If you are a non-resident, you will be subject to the tax rate shown in the table below on employment income from Irish sources.  

The following table shows the 2014 progressive tax rates in Ireland for a single person with no children:

Income €Rate
Up to 32,80020%
Above 32,80041%

Tax returns for the year can be filed on paper or electronically. The return form must be filed by 31 October of the following tax year. This deadline is extended to 16 November if filing is done online using the Revenue Online System (ROS). There are penalties for late or incorrect returns.
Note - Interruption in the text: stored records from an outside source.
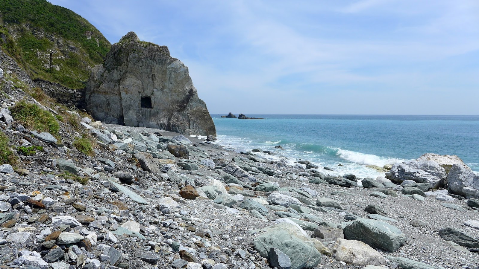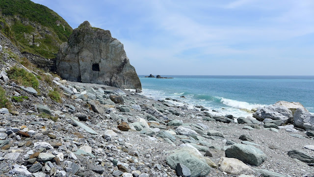 下到沙灘,真正貼近烏岩角了,上攀前先去海蝕洞大休一會,太陽太強了,有點招架不住。
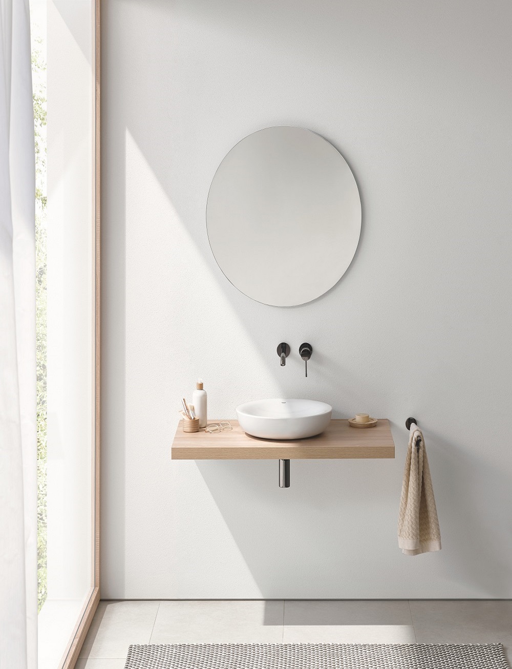 GROHE Essence offers three sizes of vanity basins which feature a new positioning of the overflow which now sits opposite the tap – or in some cases has been removed altogether – whilst the stylish ceramic drain caps help to deliver that highly sought after, uninterrupted aesthetic. When specifying GROHE Essence or any of GROHE’s ceramic ranges, there is already a tried and tested brassware solution to match it. GROHE’s R&D team have developed the PerfectMatch philosophy, and spend months rigorously testing various tap and sink pairings to find those that deliver perfectly, in both form and function. GROHE Essence ceramics beautifully harmonise with Atrio, Essence, Plus and Lineare brassware ranges, as well as the Euphoria SmartControl shower system and GROHE shower trays, offering designers fully coordinated designs that span brassware, flush plates, accessories and ceramics, all from one single source.
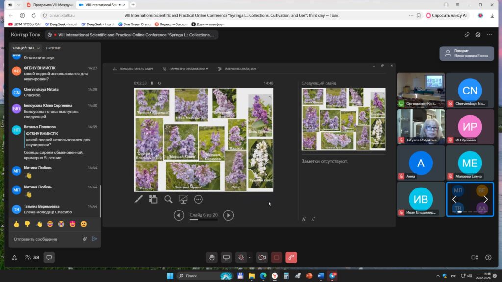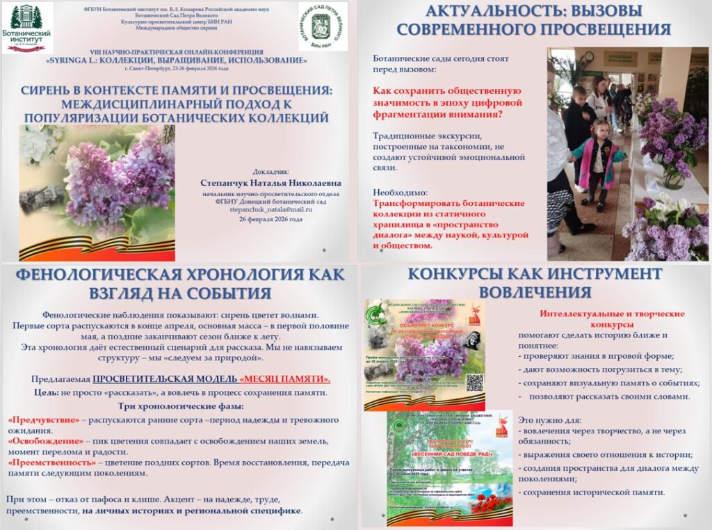 Начальник научно-просветительского отдела Степанчук Наталья Николаевна представила междисциплинарный подход к популяризации ботанических коллекций на примере рода сирени (Syringa L.) и предложила просветительскую модель «Месяц памяти», интегрирующую фенологию цветения, региональную историю и этичные практики коммуникации.
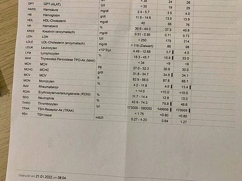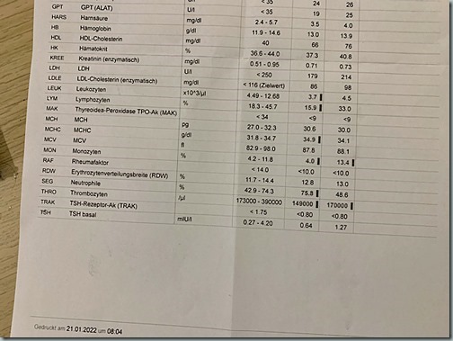 … werde ich Montag telefonieren müssen. Heute habe ich meine Blutergebnisse hin gefaxt und eigentlich sollte Frau Doktor zurückrufen, aber irgendwie muss ich untergegangen sein. Meine Lymphozyten sind steil nach unten gefallen. Unter 500 müsste ich mit der Gürtelrose-Prophylaxe anfangen und bei mir waren die Lymphozyten Mittwoch bei 582. Aber mal abwarten, was Frau Doktor dann sagt. Eigentlich sollten die Werte erst in 2 Wochen so aussehen.
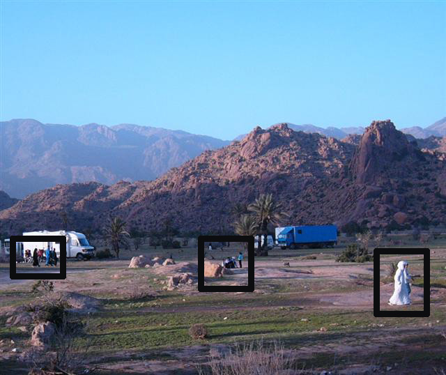 Es gibt auch eine Alternative zu den ummauerten Campingplätzen. Zum einen kann man direkt neben dem Campingplatz "Trois Palmiers" auf einer Fläche stehen, die zum Campingplatz gehört und die Sanitäranlagen und Stromanschlüsse des Platzes nutzen zum gleichen Preis wie innerhalb der Mauern. Und dann gibt es noch eine riesige Fläche abseits hinter einem Bach, auf der man gegen eine Tagesbühr von 10 Dirham frei stehen kann. Das wirkte nach der Ankunft auf dem Campingplatz recht idyllisch unter den Palmen und wir hatten in Erwägung gezogen, am nächsten Tag nach Nutzung von warmer Dusche und Ausguss für die WoMo-Toilette des Campingplatzes dorthin "umzuziehen". Wie gut, dass wir es nicht getan haben. Dieser freie Platz dient den Einwohner und vor allem den Kindern von Tafraout als kostenloses Freilichtmuseum zum Studium der Lebensweise europäischer Camper. Kinder sahen wir fast ständig auf dem Platz ... ... und am Samstag waren ganze Großfamilien dort unterwegs. Ob schwarz- ...

For returns up to two months late, these are 5% of the tax payable (up to a maximum of €12,695), increasing to 10% (up to a maximum of €63,435) thereafter.

A preliminary tax payment must be made by 31 October of the current year (16 November if using ROS), and should represent either 90% of your estimated tax for the current year, or 100% of the previous year’s tax. Any balance due must be paid by the 31 October of the following year, when you are due to file the actual final return. If the preliminary tax payment is not high enough, interest charges will accrue from the date of that payment. Preliminary tax can be paid by direct debit monthly over the course of the year; this is especially useful for the self-employed. Applications to pay via direct debit over the course of the year must be made before the start of the tax year in question.